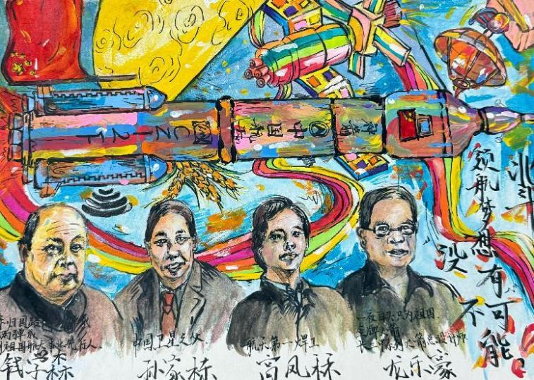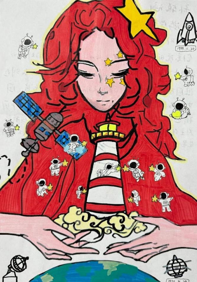 (《北斗團隊 點亮太空的燈塔》插畫 旅游學院孫銳涵作品)
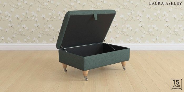 7.3.1 Buy Kingston by Laura Ashley Storage Footstool Wooton Forest Green Low Chrome Castor - Light Oak from the Next UK online shop Click here to use our accessible website
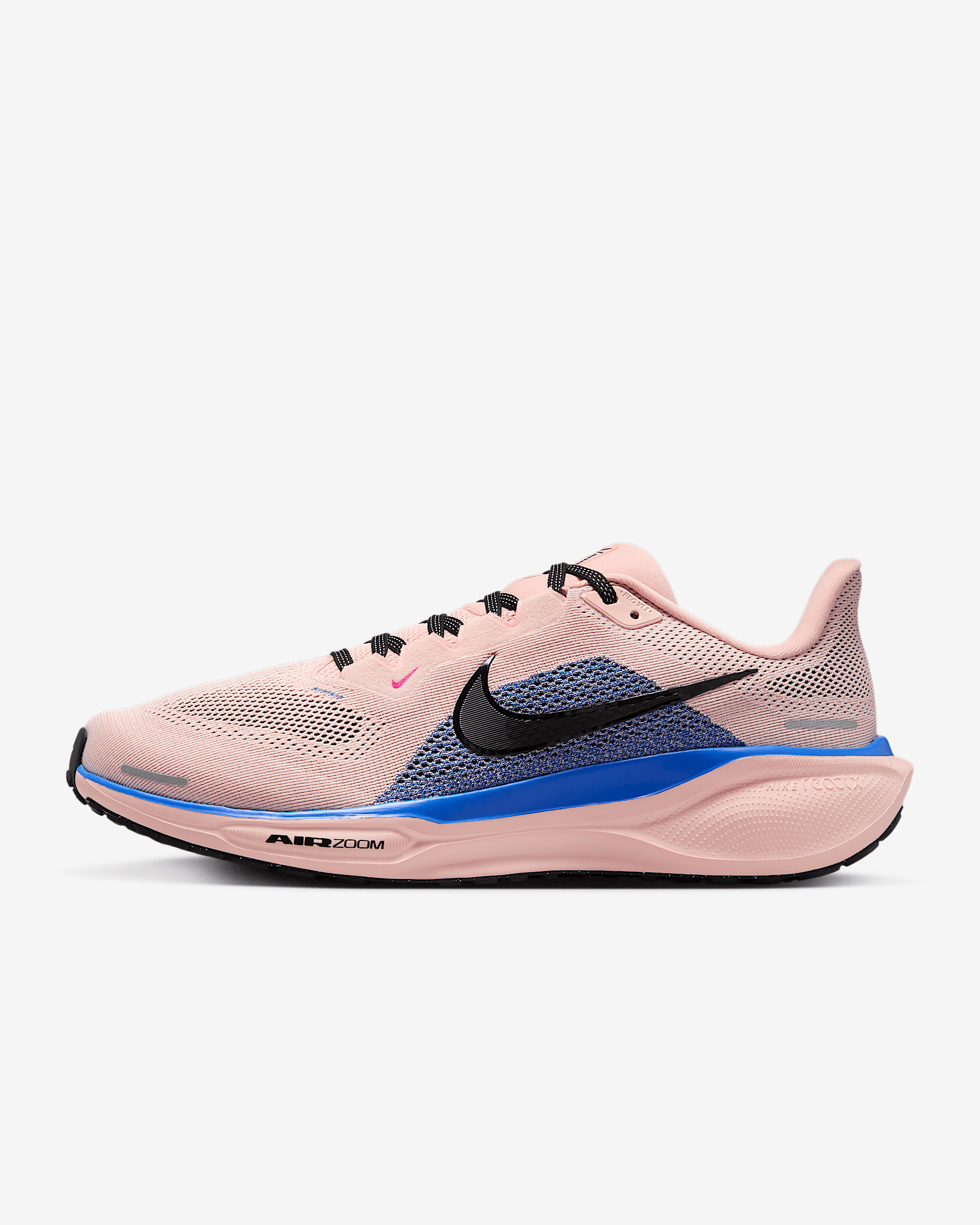 Responsive cushioning in the Pegasus provides an energized ride for everyday road running. Experience lighter-weight energy return with dual Air Zoom units and a ReactX foam midsole. Plus, improved engineered mesh on the upper decreases weight and increases breathability. Benefits - Upgraded breathable engineered mesh upper - ReactX foam midsole surrounds forefoot and heel Air Zoom units for an energized ride. - Signature waffle-inspired rubber outsole for traction and flexibility - Plush collar tongue and sockliner for a secure and comfortable fit - What's new? All-new ReactX foam midsole is 13% more responsive than previous React technology. - Crafted for performance and planet, ReactX foam is engineered to reduce its carbon footprint by at least 43% in a pair of midsoles due to reduced manufacturing process energy compared to prior React foam. The carbon footprint of ReactX is based on cradle-to-gate assessment reviewed by PRe Sustainability B.V and Intertek China. Other midsole components such as airbags, plates or other foam formulations were not considered. Product Details - Weight: Approx. 297 g/10.4 oz (Men's US 10) - Heel-to-toe drop: 10 mm - MR-10 Last - Our best, most consistent fit (same as Pegasus 40) - Not intended for use as Personal Protective Equipment (PPE) - Shown: Washed Coral/Racer Blue/Hyper Pink/Black - Style: FD2722-603
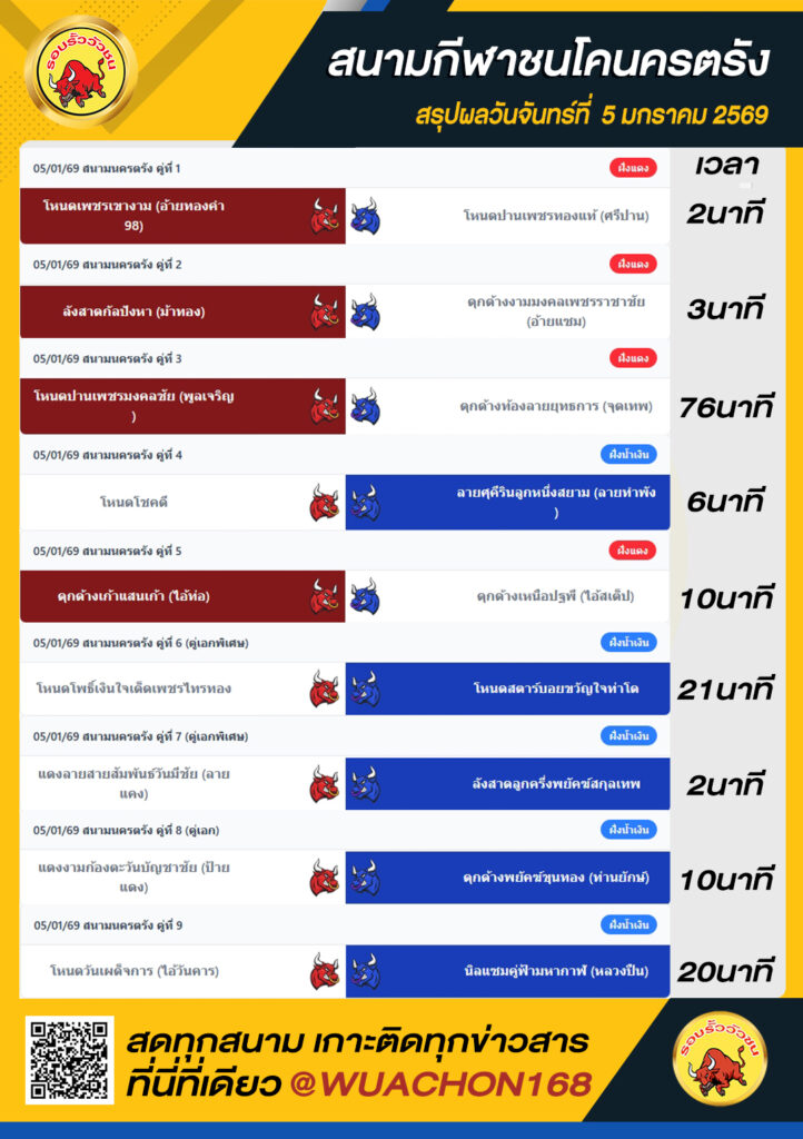 สรุปผลวัว นครตรัง วันที่ 5 มกราคม 2569

* [REQUIRED ACTION]:
Write out the whole listing above exactly, minus images.

* [RESULT]:
 (《北斗團隊 點亮太空的燈塔》插畫 旅游學院孫銳涵作品)
 7.3.1 Buy Kingston by Laura Ashley Storage Footstool Wooton Forest Green Low Chrome Castor - Light Oak from the Next UK online shop Click here to use our accessible website
 Responsive cushioning in the Pegasus provides an energized ride for everyday road running. Experience lighter-weight energy return with dual Air Zoom units and a ReactX foam midsole. Plus, improved engineered mesh on the upper decreases weight and increases breathability. Benefits - Upgraded breathable engineered mesh upper - ReactX foam midsole surrounds forefoot and heel Air Zoom units for an energized ride. - Signature waffle-inspired rubber outsole for traction and flexibility - Plush collar tongue and sockliner for a secure and comfortable fit - What's new? All-new ReactX foam midsole is 13% more responsive than previous React technology. - Crafted for performance and planet, ReactX foam is engineered to reduce its carbon footprint by at least 43% in a pair of midsoles due to reduced manufacturing process energy compared to prior React foam. The carbon footprint of ReactX is based on cradle-to-gate assessment reviewed by PRe Sustainability B.V and Intertek China. Other midsole components such as airbags, plates or other foam formulations were not considered. Product Details - Weight: Approx. 297 g/10.4 oz (Men's US 10) - Heel-to-toe drop: 10 mm - MR-10 Last - Our best, most consistent fit (same as Pegasus 40) - Not intended for use as Personal Protective Equipment (PPE) - Shown: Washed Coral/Racer Blue/Hyper Pink/Black - Style: FD2722-603
 สรุปผลวัว นครตรัง วันที่ 5 มกราคม 2569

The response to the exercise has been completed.